In the following video, I sat down with Andrew Grimes to break down the many-facets of the Australian healthcare sector, while also providing a snapshot of where Alphinity is seeing value in what is typically an expensive segment of the Australian share market.
Welcome to all Alphinity Australian insights. With me, I have Stuart Welch, one of the investors in the Australian team who also covers the healthcare sector. Stuart, why should I invest in Australian healthcare, particularly given how expensive it is?

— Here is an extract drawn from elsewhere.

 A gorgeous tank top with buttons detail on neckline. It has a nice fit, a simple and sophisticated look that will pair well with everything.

That's right. The healthcare sector typically screens as expensive relative to the rest of the market and the key reason for that is the defensive structural growth that the industry displays.

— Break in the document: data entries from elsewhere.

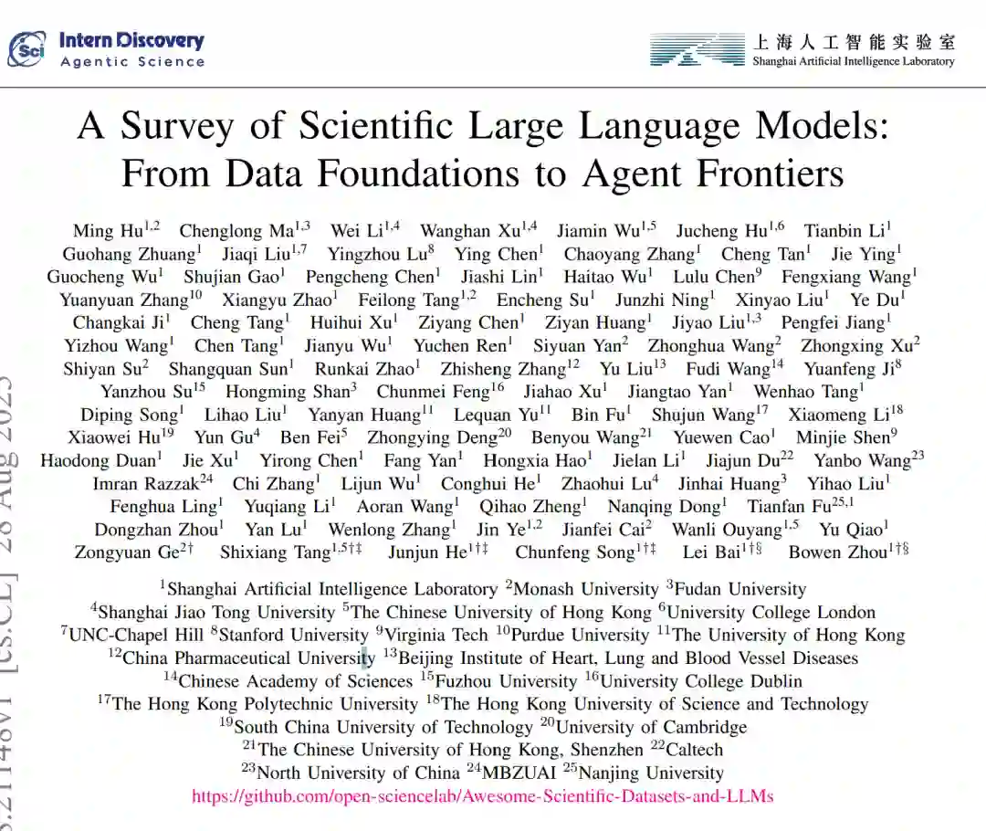 摘要—— 科学大语言模型(Scientific Large Language Models, Sci-LLMs)正在重塑知识在科学研究中的表征、集成与应用方式,然而它们的发展轨迹也受到科学数据复杂性的深刻影响。本综述提出了一种全面的、以数据为中心的综合视角,将 Sci-LLMs 的发展重新框定为模型与其底层数据基质之间的协同进化。我们构建了一个统一的科学数据分类法和科学知识的层次化模型,强调科学语料在多模态、跨尺度以及领域特异性方面所面临的独特挑战,这些特征使其显著区别于通用自然语言处理数据集。我们系统性回顾了近期的 Sci-LLMs,从通用基础模型到各科学科的专用模型,并对 270 余个预训练/后训练数据集进行了深入分析,揭示了 Sci-LLMs 的独特需求——异构的、跨尺度的、充满不确定性的语料,要求具备保持领域不变性和支持跨模态推理的表征方式。在评测方面,我们考察了超过 190 个基准数据集,并追踪了评测范式从静态考试逐步转向过程导向与发现导向的评估协议。基于这些以数据为中心的分析,我们指出科学数据开发中仍然存在的长期问题,并探讨了包括半自动化标注流程与专家验证在内的新兴解决方案。最后,我们展望了一种范式转变,即迈向闭环系统:由 Sci-LLMs 驱动的自主智能体能够主动进行实验、验证,并贡献于一个动态演化的知识库。总体而言,本工作为构建可信赖、可持续进化、并能作为真正科研伙伴的人工智能(AI)系统提供了清晰的路线图,加速科学发现进程。
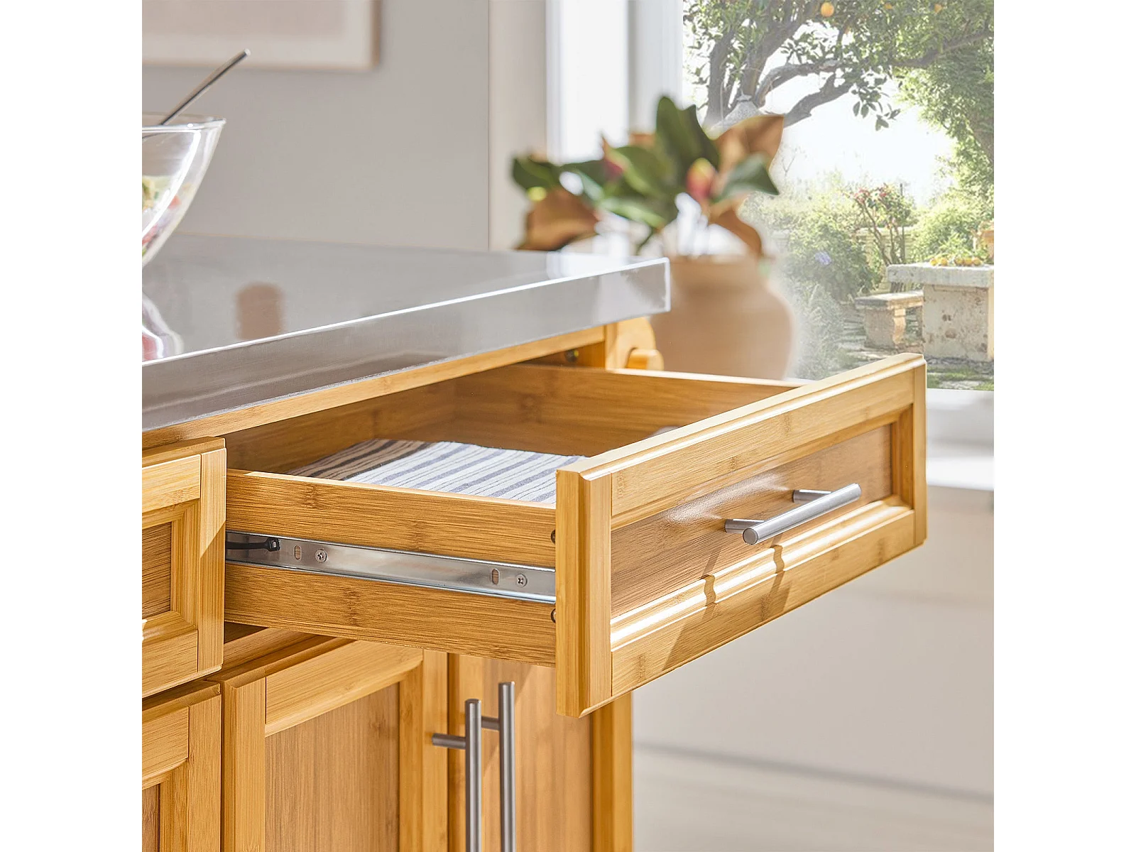 Carrito de Cocina con Piso de Acero,con Tablero Extensible, Carrito de Servir de bambú,L115 x P46 x H92cm FKW69-N SoBuy ES
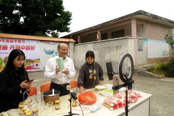 扶貧幹部吳建輝進行直播帶貨,為南畝鎮扶貧產品積極代言。(來源:陳立新)
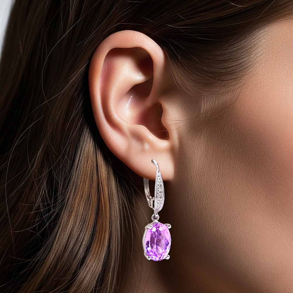 Ibolya kunzit drágaköves fülbevaló és gyémánt fülbevaló fehéraranyból

There's a number of different raises for the drivers of that demand and a lot of those are a growing and ageing population, increasing prevalence of chronic conditions and new innovative treatments that are improving the standard of care and getting better health outcomes in.
The key factor is that a lot of those different drivers of growth independent of the economic cycle. And so irrespective of where we are in the economic cycle, that growth is still there and that structural growth story is what makes it quite powerful and it's particularly attractive during economic downturns or periods of growth scarcity, which is what we've had recently.
It's for those reasons that the sector trades at pretty rich multiples.
Just describe the sector to me.
Well, the short answer is varied. The Australian healthcare sector is pretty varied. You have hospital operators, you've got pathology providers, you've got diagnostic imaging companies, you've got aged care providers. Then, we've got some global leaders that operate in even more defined sub-segments of the healthcare sector.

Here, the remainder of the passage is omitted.